Oooh, what a night on Planet Paprika!
 
 
Zu viert Bier trinken, dummes Zeug quatschen und Balkangrillerei, Schnäpse und Tabak, Planet Terror gucken und dann noch mit Brennvatti at the controls bis 4 Uhr früh zu zweit zu Nu Jazz tanzen – herrlich.
 
Aber kommen wir nun zum Essen – der Balkangrillerei!
 
Es gab meine Traditionsspieße (Würfel vom Schweinenacken, Paprikascheiben und Scheiben vom geräucherten Bauchspeck), das Fleisch 24 Stunden leicht geölt mariniert mit Ribbers Balkan-Rub, dazu rohe Zwiebeln und eingelegte milde Pepperoni. Leberspieße vom Brennvatti nur mit Salz und Pfeffer gewürzt und seine gegrillten Paprikastreifen (mit Knoblauchöl bepinselt, mit Veggie-Rub bestreut und beidseitig gegrillt.
 
 
Als Beilage durfte mein leckerer Djuvec-Reisnicht fehlen:
1 Zwiebel und
1 rote Paprika fein hacken und in
2 EL Schweineschmalz dünsten.
2 EL Tomatenmark einrühren und mit braten, damit die Säure verfliegt.

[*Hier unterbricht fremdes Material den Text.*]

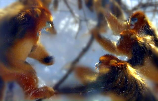 金絲猴部落之王“大膽”體態高大,毛發金紅,聰明機警。2005年,它接受了科考人員投放在雪地里的蘋果,是第一只與人類親密接觸的野生金絲猴,因而得名“大膽”。
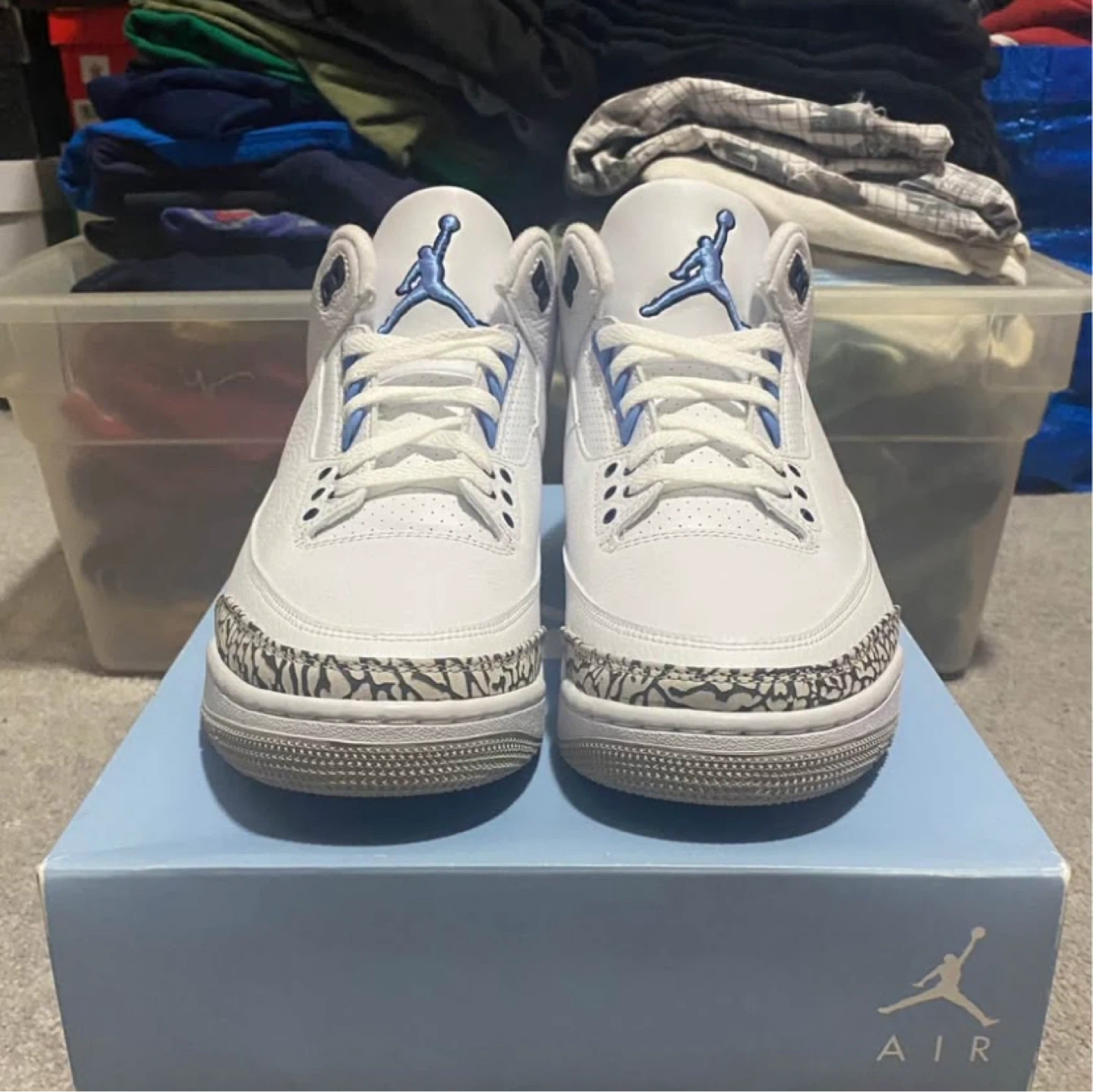 Selling a pair of Air Jordan 3 Retro UNC sneakers! They feature the iconic Jumpman logo and the classic elephant print detailing. Great for any sneakerhead or Jordan fan
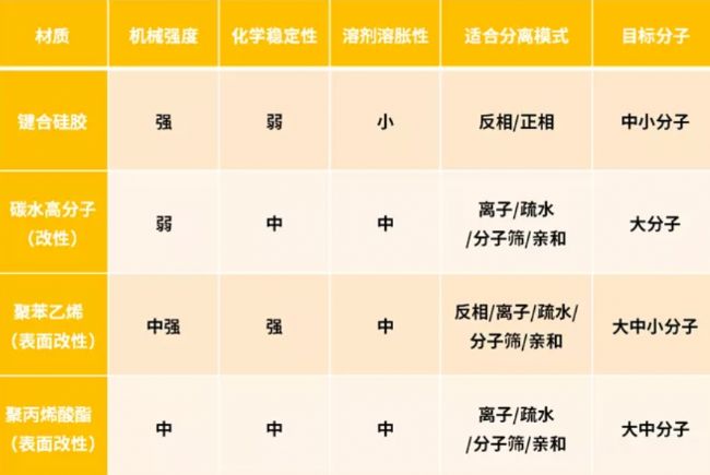 用于多肽分析和分離純化的液相色譜填料主要基質(zhì)性質(zhì)對(duì)比
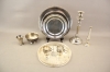 143. Ljusstake, vas, skålar, mm i bla nysilver
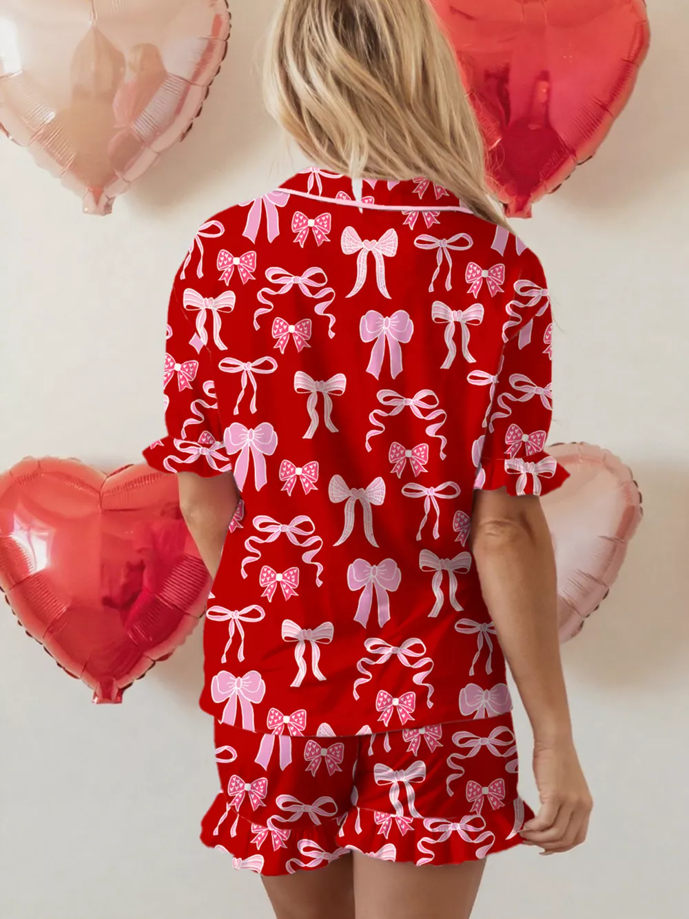 Bow Print Ruffled Short Sleeve Shirt and Shorts 2pcs Pajama Set
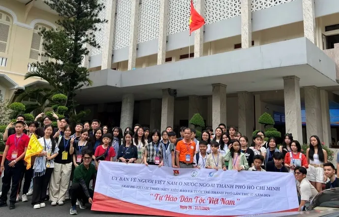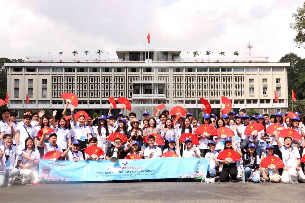 | Les jeunes Vietnamiens d’outre-mer participant au Camp d’été du Vietnam 2025 visitent le Palais de la Réunification, à Hô Chi Minh-Ville. |
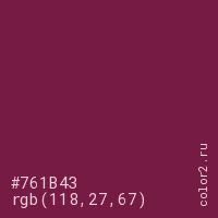 Цвет #761B43 в цветовой модели RGB обозначается тремя октетами (118, 27, 67) в десятичном формате и #761B43 в шестнадцатиричном (hex) формате, которые являются интенсивностью красного 118 (hex 76), интенсивность зелёного 27 (hex 1B) и интенсивность синего 67 (hex 43).

1 Tasse Reis einrühren und unter Rühren
2 TL Paprika edelsüß darüber streuen.
2 Tassen Hühnerbrühe und
4 Lorbeerblätter zugeben und nicht mehr rühren. Deckel drauf und auf kleinster Flamme 15 Minuten köcheln. Dann beiseite stellen und den Deckel mindestens weitere 15 Minuten geschlossen lassen, besser 30 Minuten.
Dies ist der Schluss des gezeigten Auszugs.